Wednesday, June 17, 2015

Brave new world

In September, 2011, Godelieva saw Distelmans at his clinic. Four months later, she sent an e-mail to her children: “I have filed a euthanasia request with Prof. Distelmans based on psychological distress. I have gone through the entire procedure and am now waiting for the result.”…

On April 20, 2012, three months after Godelieva sent the e-mail, Tom received a short letter from his mother that was written in the past tense. She reported that her euthanasia had been carried out on April 19th, at the university hospital of the Free University of Brussels. “I donated my body to science,” she wrote. On the back of the letter, she’d left the phone number of a friend who had the keys to her house.
Tom immediately drove to the house of the friend, who offered him a drink and then explained that she and her husband had driven Godelieva to the hospital. Tom accused the couple of coöperating with a suicide. They were defensive: they said that it was Godelieva’s choice, and they didn’t want her to have to take a taxi to the hospital alone. Later, they admitted to Tom that in the car Godelieva was chatting and laughing, and they had begun to wonder if they knew her as well as they’d thought...
De Wachter believes that the country’s approach to suicide reflects a crisis of nihilism created by the rapid secularization of Flemish culture in the past thirty years. Euthanasia became a humanist solution to a humanist dilemma. “What is life worth when there is no God?” he said. “What is life worth when I am not successful?” He said that he has repeatedly been confronted by patients who tell him, “I am an autonomous decision-maker. I can decide how long I live. When I think my life is not worth living anymore, I must decide.” He recently approved the euthanasia of a twenty-five-year-old woman with borderline personality disorder who did not “suffer from depression in the psychiatric sense of the word,” he said. “It was more existential; it was impossible for her to have a goal in this life.” He said that her parents “came to my office, got on their knees, and begged me, ‘Please, help our daughter to die.’ ”…
Belgium was the second country in the world, after the Netherlands, to decriminalize euthanasia; it was followed by Luxembourg, in 2009, and, this year, by Canada and Colombia.

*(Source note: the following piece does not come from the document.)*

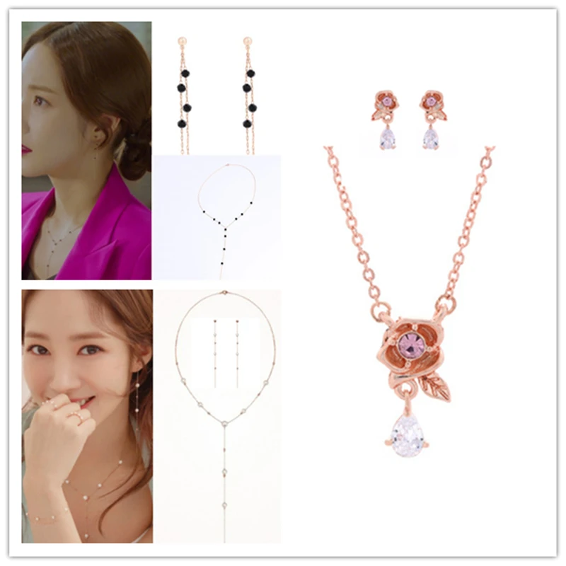 Серьги + ожерелье парка мин молодая драма ТВ Корейская звезда такие же корейские элегантные для женщин серьги букле серьги
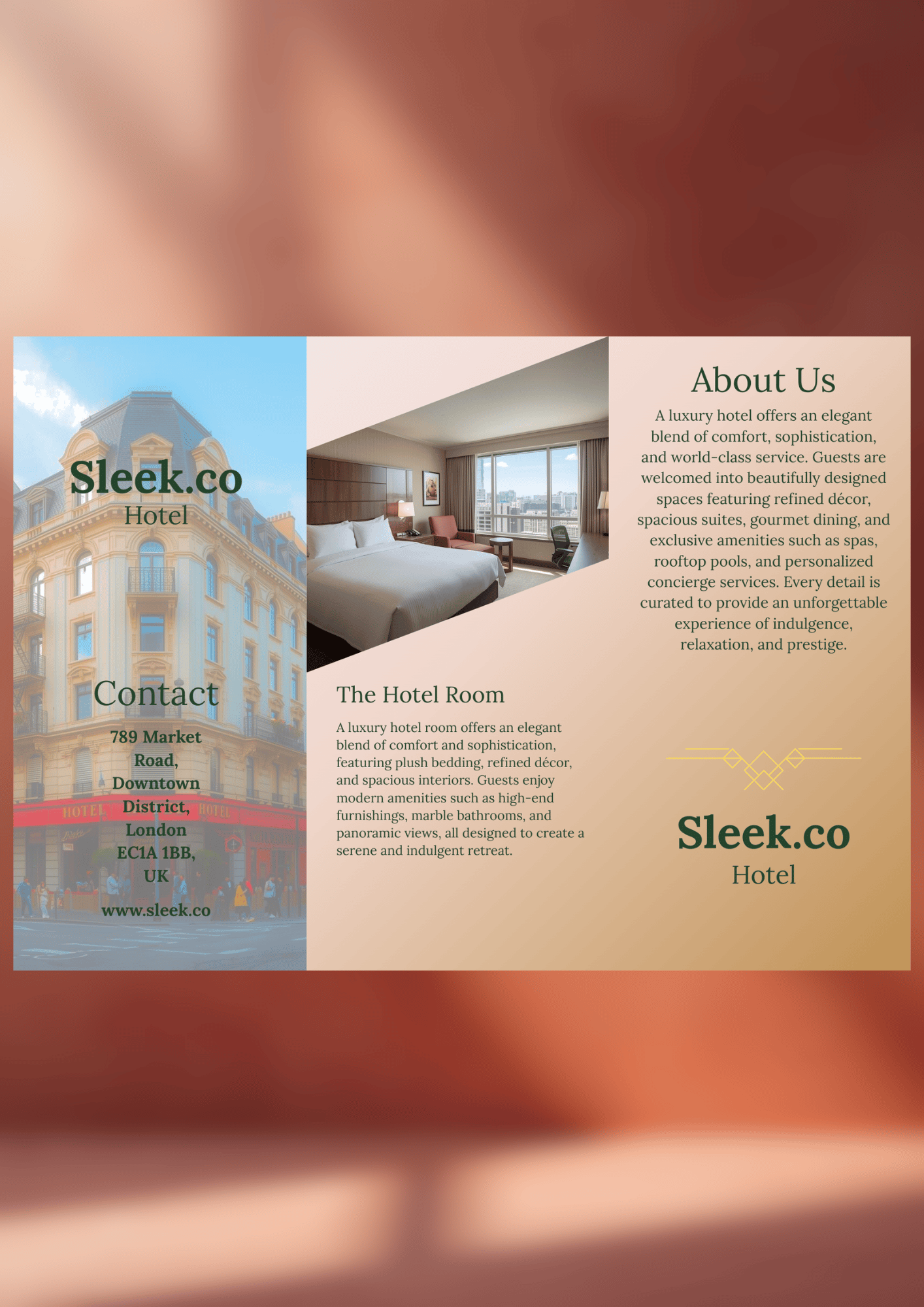 - Trifold Brochure Design – Showcase your rooms, amenities, and services in a polished, easy-to-navigate format.

Switzerland has allowed assisted suicide since 1942. The United States Supreme Court has recognized that citizens have legitimate concerns about prolonged deaths in institutional settings, but in 1997 it ruled that death is not a constitutionally protected right, leaving questions about assisted suicide to be resolved by each state. Within months of the ruling, Oregon passed a law that allows doctors to prescribe lethal drugs for patients who have less than six months to live. In 2008, Washington adopted a similar law; Montana decriminalized assisted suicide the year after; and Vermont legalized it in 2013…
In Oregon and Switzerland, studies have shown that people who request death are less motivated by physical pain than by the desire to remain autonomous. This pattern of reasoning was exemplified by Brittany Maynard, a twenty-nine-year-old newlywed who moved to Oregon last year so that she could die on her own terms rather than allowing her brain cancer to take its course. Her story appeared on the cover of People, which described her as having the “soul of an adventurer and the heart of a warrior.” She became the poster child for assisted death—a far more palatable one than Jack Kevorkian, who had previously filled that role. Unlike the patients whom Kevorkian attended to with his makeshift “suicide machine,” Maynard appeared neither passive nor vulnerable. Since her death, seven months ago, lawmakers in twenty-three U.S. states have introduced bills that would make it legal for doctors to help people die…
“There’s a great difference between helping people who are already dying and helping people to die,” he told me. He didn’t understand why physicians were framing the latter as a patient’s right. “My colleagues are so against paternalism that they say, ‘You want to die? O.K., I’ll kill you.’ ”
See:  http://www.newyorker.com/magazine/2015/06/22/the-death-treatment
Courtesy of:  http://www.medpagetoday.com/HematologyOncology/BreastCancer/52169?isalert=1&uun=g906366d4159R5793688u&xid=NL_breakingnews_2015-06-17

Tuesday, June 16, 2015

The worth of Down syndrome

Upon delivering my first child 11 years ago, I heard the words “Down syndrome,” and my world collapsed. Visions of children sitting passively in a corner watching life go by, not participating, kept me awake those first nights as a mom.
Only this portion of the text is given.